Data provided:
++++++++

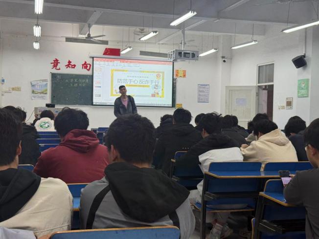 为切实提升大学生反电信网络诈骗防骗意识,营造良好的学习生活环境,3月23日晚6:30,九游体育官方网站开展反电信网络诈骗宣传教育主题班会,学院全体学生、班主任参加,党委副书记翟佩佩带领学生科、思政科深入班级检查并加以强调。
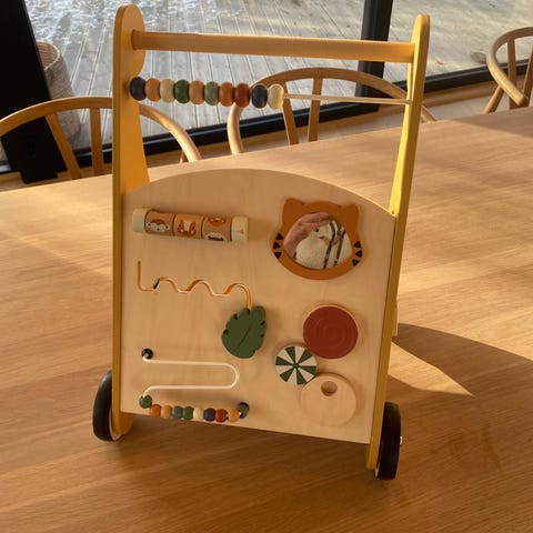 Aktivitetsgåvogn i tre med speil, puttekasse og lekefunksjoner som støtter barnets første skritt og stimulerer sanser og motorikk. En stor og fin trele
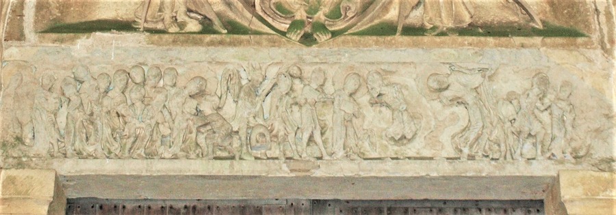 | Deux frises de part et d'autre du linteau figurent également des scènes de la Passion du Christ : la frise gauche représentant la dernière rencontre de Jésus et ses disciples endormis au Mont des Oliviers ou l'agonie du Gethsémani, et celle droite du Reniement de saint Pierre. |
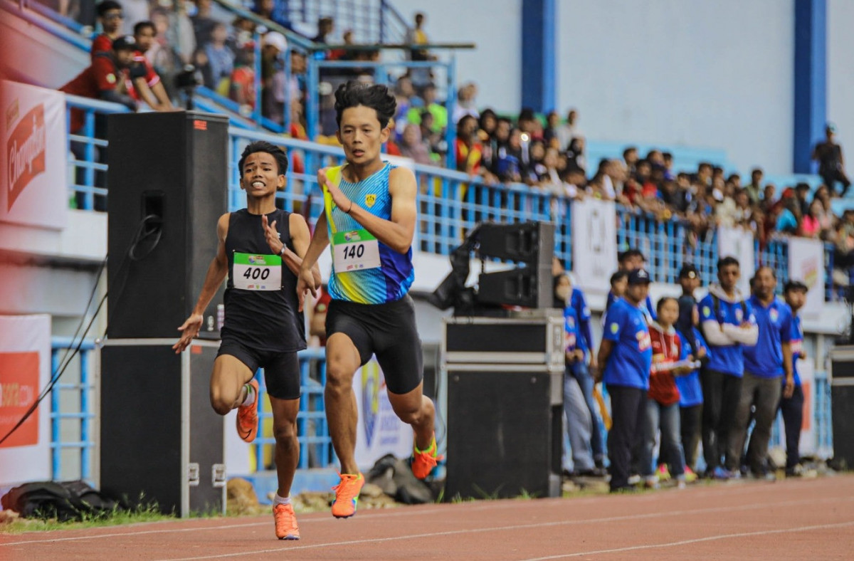Rafi Septian Rosad, saat bersaing dalam babak final 100 meter putra, Energen Champion SAC Indonesia 2023 West Java Qualifiers

++++++++

Work instructions:
Line by line and exactly, reproduce the span from the line with "saint Pierre. |" through the end of the data above, both ends included, with pictures left out.

Your solution:
 | Deux frises de part et d'autre du linteau figurent également des scènes de la Passion du Christ : la frise gauche représentant la dernière rencontre de Jésus et ses disciples endormis au Mont des Oliviers ou l'agonie du Gethsémani, et celle droite du Reniement de saint Pierre. |
Rafi Septian Rosad, saat bersaing dalam babak final 100 meter putra, Energen Champion SAC Indonesia 2023 West Java Qualifiers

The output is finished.